• **Provided data**
^^^^^^^^
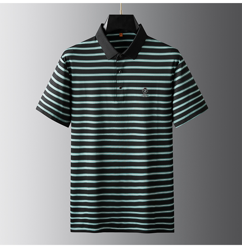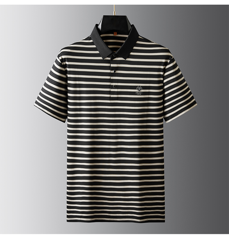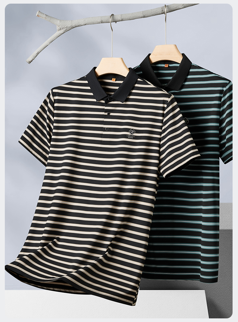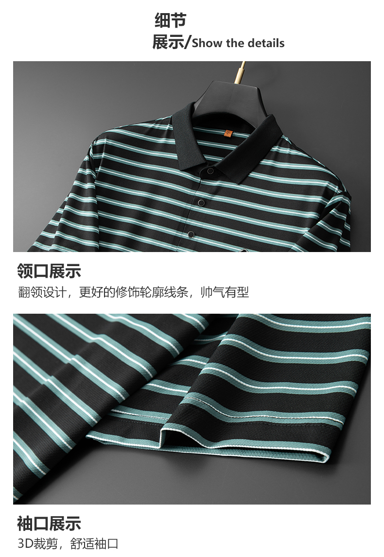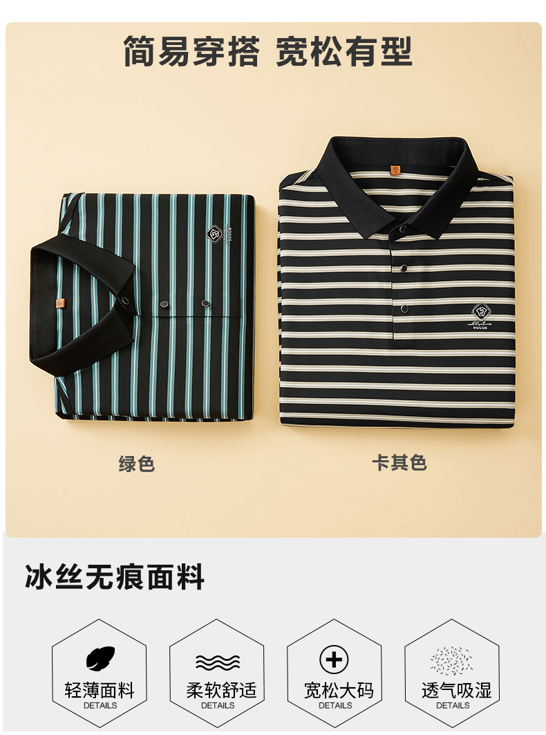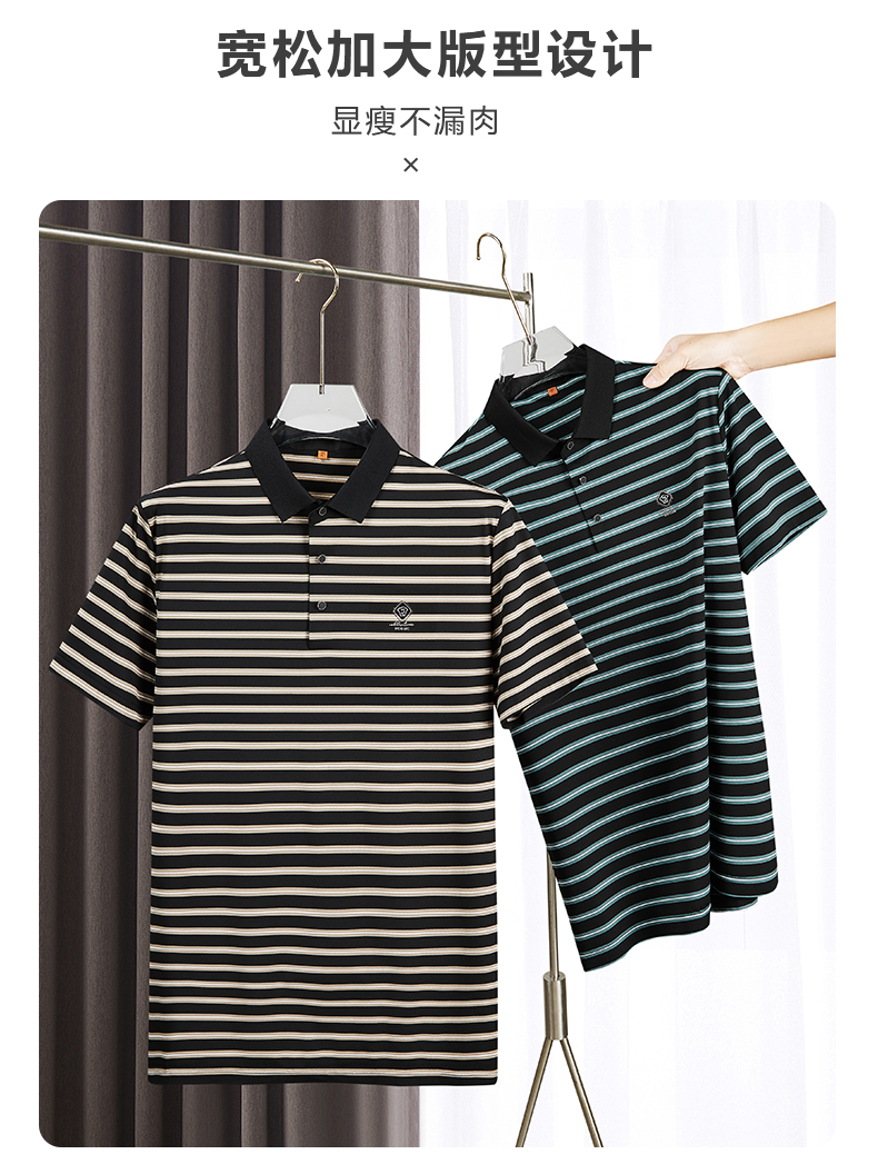 【冰丝高弹】【新款DDP】大依优型大码短袖Polo衫条纹翻领加肥加大男士大号弹力透气舒适夏季半袖
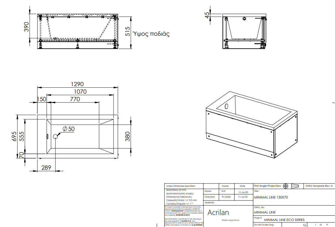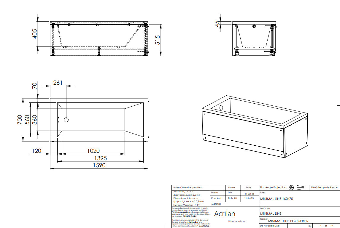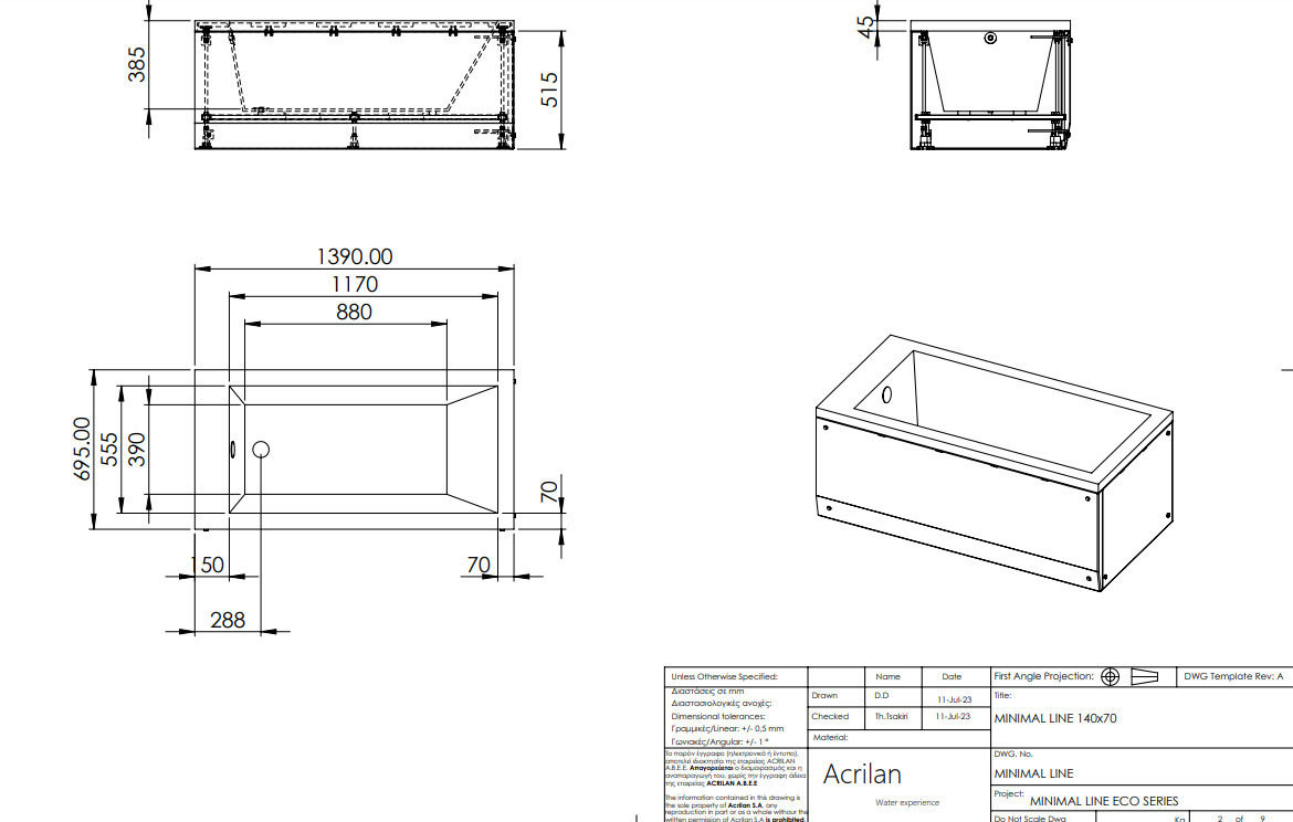 Μια προσέγγιση που συνδυάζει την άνεση με τη μίνιμαλ αισθητική, δίνοντας στο μπάνιο σας μια κομψή και πρακτική αίσθηση. Διατίθεται μπανιέρα σε πολλές διαστάσεις, για να ταιριάζει ιδανικά στον χώρο σας.
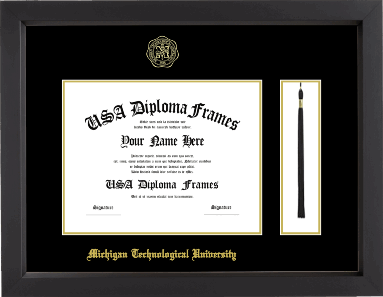 Michigan Technological University Diploma Frame with Tassel – Black Matte – Black and Gold Mat
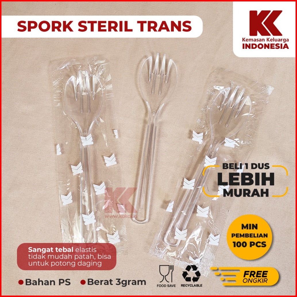 Spork Steril Sendok 2in1 Sendok Garpu Steril 100pcs
^^^^^^^^
• **Assignment**
Every line from the one with "Michigan Technological University" through the last line of the material gets printed exactly, and nothing more. Omit the pictures.

• **Task output**
 Michigan Technological University Diploma Frame with Tassel – Black Matte – Black and Gold Mat
 Spork Steril Sendok 2in1 Sendok Garpu Steril 100pcs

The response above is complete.